В последней фразе вместо 'полнее' первоначально было написано 'теснее'. Указанный порядок страниц придется изменить, если принять во внимание положение водяных знаков бумаги: тогда четвертая страница должна быть обозначена первой и так далее{1351}.

Но Владимир Соловьев публиковал не мистические «исходники», а рационально-философскую обработку своего опыта. Поэтому он – философ. Тексты же «Агни Йоги» так и остаются мистическими дневниками.

Быть может, однажды и тексты Агни Йоги смогут вдохновить кого-то на философскую работу с ними. С религиозным по своему происхождению материалом можно работать и вполне научно (библейская текстология является вполне строгой наукой) и вполне философски (именно в ткань философского рассуждения встраивались евангельские тексты русскими философами рубежа 19-20 веков).

Однако, тексты “Агни Йоги” и письма Елены Рерих с пояснениями к циклу ее книг не показывают применения каких бы то ни было рефлективных, философских и научных методов для исследования данных “космического откровения”. Здесь не религиозные мифологемы переносятся в пространство философии или науки, но, наоборот, те или иные философские (или научно-популряные) тезисы переносятся в пространство мифологии, и получаемый «синтез» оказывается до такой степени чужд философской рефлексии, что даже не осознает своей собственной мифологичности.

Как справедливо заметил В. К. Шохин, говоря о гностицизме (который Рерихами постоянно ставится в пример “догматическому христианству”), “внефилософскому, в своей сущности, феномену гнозиса не противоречит, конечно, то обстоятельство, что в гностических текстах может утилизироваться и философский материал, по типологии вполне ему внешний, но этот материал начинает жить здесь по законам “другой страны””{1352}... Аналогично и в теософском “неогностицизме” использование философских, рационально-логических методов рассуждения или даже рассмотрение собственно философских проблем не означают, что система, в рамках которой эти экскурсы осуществляются, перестает быть религиозной – если только сама эта система в качестве своей предельной цели имеет цель религиозную.

Справедливо отметил В. Топоров, что «замечание Ф. Щербатского о том, что «логическая система [буддизма] не имела специальной связи с буддизмом как религией» верно лишь в том случае, если допустить, что и буддийская эпистемология не соотносилась подобным образом же с собственно логикой, и оно неверно при учете более широких задач, одушевлявших научные построения буддистов. Поскольку для буддизма, как, впрочем, и для большинства других религиозно-философских систем, была характерна установка на определенную цель – мокша, освобождение, буддийская логика естественно включалась (как одно из условий достижения цели) в буддизм как религиозное учение о спасении»{1353}.

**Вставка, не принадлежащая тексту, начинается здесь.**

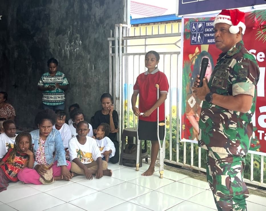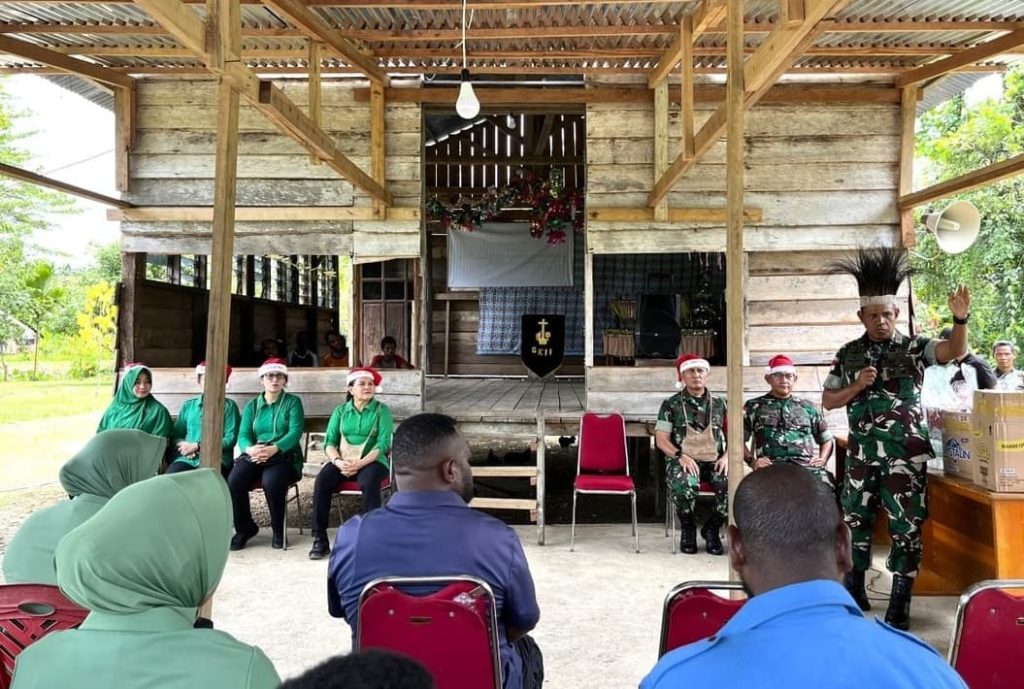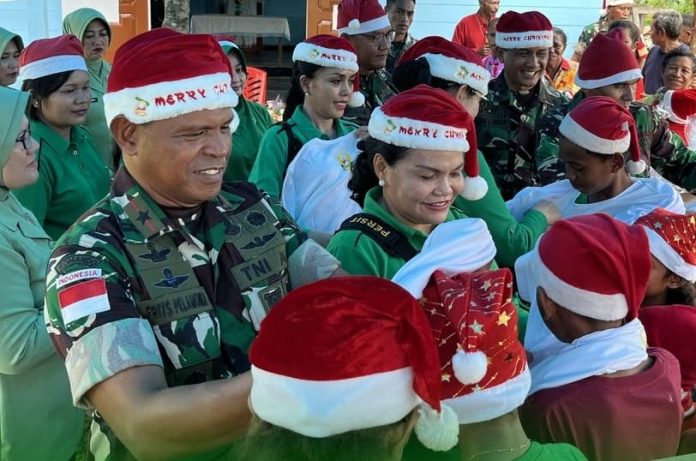 Nabire Papua Tengah, Dalam semangat Natal dan sebagai wujud kepedulian terhadap sesama, Danrem 173/PVB, Brigjen TNI Frits W.R. Pelamonia di dampingi oleh Ketua Persit KCK Koorcab Rem 173, Ny. Jeni Frits W.R Pelamonia, melaksanakan kegiatan sosial dengan memberikan bantuan kepada panti asuhan dan gereja-gereja di wilayah kabupaten Nabire. Senin (23/12/2024).

О том, что предельная цель теософии является религиозной (как и предельный страх, которого они хотят избежать – реинкарнация в адском мире Сатурна), было уже сказано. Так что даже если кто-то из теософов и начнет использовать научно-философские методы рассуждения, если кто-то из них и начнет вкраплять в свои труды частицы рационально-аргументированных рассуждений (чего не было в «Живой Этике» Рерихов, а у Блаватской встречалось лишь на периферии - в чисто журналистской полемике) - и тогда конечная религиозно-магическая цель теософии покроет эти фрагменты своей тенью и теософия не перестанет быть религией.

Но это – в будущем. Пока же теософия способна вспоминать о существовании логики, лишь когда речь идет о критике христианства. Когда же она декларирует свои собственные догматы – то тут логика откладывается в сторону.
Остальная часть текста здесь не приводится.